Getting Started with Measuring Cellular Metabolism

You might have noticed shifts in metabolic activity in your experiments—something like patterns emerging from RNA-seq, proteomics, or imaging that hint at deeper changes in how your cells generate and use energy. Measuring metabolites like glucose or lactate gives you a window into key metabolic pathways. Unlike static molecular snapshots, metabolite assays allow you to quantify dynamic, functional changes over time.

Whether you're phenotyping a new cell line, evaluating a drug treatment, or exploring a disease model, these measurements reveal underlying metabolic activity and cellular function where metabolites often serve as biomarkers, correlating with specific phenotypes or treatment responses. With the right experimental setup, you can track metabolite increases or decreases across conditions and generate meaningful, quantitative data.

We have developed ready-to-use bioluminescent assays — no specialized equipment or extensive training is required. If you have access to a standard luminometer, your lab is set up to run these assays. Our assays have a simple add-incubate-read workflow, easy to integrate even if your lab is new to measuring metabolism. These assays are also highly versatile: they are compatible with cells in suspension or adhered to a surface, organoids, tissue homogenates, serum or plasma, and more. In many cases, you can collect meaningful data directly from the culture media —saving your cells for downstream applications like RNA-seq or proteomics.

For details on how the assays work, visit our metabolism guide.

While our luminescent metabolite assays cover a broad range of needs, they’re not the only tool available for metabolite detection. If you're interested in spatial resolution or want to visualize metabolic activity subcellularly, imaging methods may be a better fit. For real-time oxygen consumption data, a Seahorse analyzer is your best bet. And if you need a comprehensive profile of all metabolites in a biological system, consider mass spec- or NMR-based metabolomics. Our luminescent assays are a great starting point, but not a one-size-fits-all solution.

A well-designed experiment is essential for generating both informative and reproducible results. Start by thinking through your controls and media conditions by considering the following:

Appropriate controls

• A positive control or standard is included in most kits to verify assay performance.
• A negative control is a sample not expected to produce assay signal (e.g., untreated cells), and helps confirm assay specificity.
• A background control (media or buffer only) quantitates baseline signal in your samples.

Media composition

• Metabolites present in standard culture media can elevate your background levels. Consider using low-nutrient formulations where appropriate to detection changes.
• If performing intracellular readouts, always wash cells thoroughly with PBS to remove extracellular metabolites from the media that can interfere with your results.

While our cellular energy metabolism assays are highly flexible and compatible with various sample types, sample prep is critical. A few simple steps will help ensure accurate, reproducible results across conditions and replicates.

Treat all samples with acid and base prior to analyzing.

This step is recommended for most assays because it inactivates endogenous enzymes, helping to eliminate unwanted enzymatic activity that could degrade target metabolites, increase background, or interfere with luminescence. Many kits include the necessary acid/base components, but some do not and you will need to prepare them yourself. If acid/base treatments are performed, no additional pre-treatment steps are needed before assaying samples. However, you should always consult individual kit instructions to determine if exceptions apply.

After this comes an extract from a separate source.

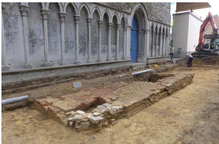
Fig. 1: De grafkelder voor de kapelingang. Voor het bijwerken of dichtmaken van de ingang op de hoek vooraan werden vervangen gevelornamenten gebruikt..

Over een 6 m brede strook werd voor de westgevel gegraven, ca. 42 m lang. Een bundel leidingen liep op ca. 5 m evenwijdig met de gevel en ook vlak tegen de gevel zorgde een recente afvoerbuis voor een verstoring. Bovendien werd de tussenliggende 4,5 m op enkele plaatsen door dwarse leidingen verstoord.

Optimize sample concentration.

Start by ensuring that metabolite levels fall within the linear range of the standard curve. Different cell types produce varying levels of metabolites, so you may need to adjust cell number or tissue input accordingly. If your samples contain high levels of the target metabolite, a dilution step may be necessary, and optimizing the dilution factor can help bring concentrations into the linear range. Keep in mind that intracellular metabolite levels are often much lower than extracellular levels. If you're unsure what concentration to expect, consulting the literature can provide helpful reference points.

Consider timing for secretion or uptake experiments.

Shorter incubation times can help capture early or subtle changes in secreted metabolite levels, while longer timepoints may be required to detect accumulation or depletion. The optimal incubation duration will depend on the specific metabolite, its expected rate of change, and the biological dynamics of your system.